There are also wonderful experiments, outgrowths of her time at Chhaap. At the residency, Shah said, “I wanted to see what happened when I became my own critic.” Taking the advice of a professor she’d met in Madison, Wis. some years ago, she dug deeper, sinking into monotype while she had the time to explore the freedoms and limits of the process. 

That’s visible in prints from Inside The Road, which reflect on her time in India last year, and the years before that. In each print, a serpentine blue line appears, sometimes taking much of the page and sometimes disappearing in a splash of color. They are the closest to figurative work that Shah ever gets, with a sort of road shape snaking over the pages, never exactly the same as the one before. 

“The road seems drastically different every time I go, even if it’s like, twice in two years,” she said. “I feel like when I started this road emerged.
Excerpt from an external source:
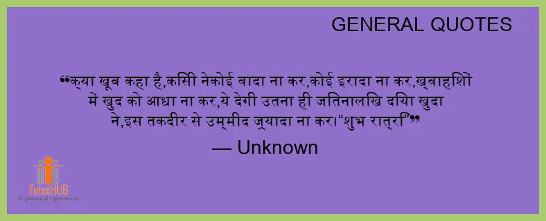 क्या खूब कहा है,किसी नेकोई वादा ना कर,कोई इरादा ना कर,ख्वाहिशों में खुद को आधा ना कर,ये देगी उतना ही जितनालिख दिया खुदा ने,इस तकदीर से उम्मीद ज़्यादा ना कर।“शुभ रात्रि”

The road that brought me back to India, the actual road that I experienced.” 

 Prints from Shah's recent  Line Intention  series. Lucy Gellman Photo.  Prints from Shah's recent Line Intention series. Lucy Gellman Photo. 

Her taste for new technique and subject matter appears again in three recent large-scale prints from her series Line Intention, the product of Shah’s longtime interest in combining monotype and woodcut. In designs totally unlike her other prints and canvases, she plays tricks on her viewers, paint and stir sticks transforming into funky woodcut shapes while inked rollers giver the impression of woodgrain itself. 

They also speak to a restlessness she’s identified in herself—always moving forward, beyond the bounds of one medium and into the next. Now that she has nailed down woodcut, monotype and acrylic painting, Shah said she is interested in taking on cyanotype, a photographic printing process that utilizes a treated photosensitive surface. 

“Once I have a medium figured out, it’s no longer that much fun,” she said. “I kind of want to try something else and struggle and get to a place where I feel good about it.” 

Progression in Strata is on view at the Willoughby Wallace Memorial Library through Dec. 30. The library is open Monday through Thursday 10 a.m. to 8 p.m., Friday and Saturday 10 a.m.  to 5 p.m. and Sunday 1 p.m. to 4 p.m.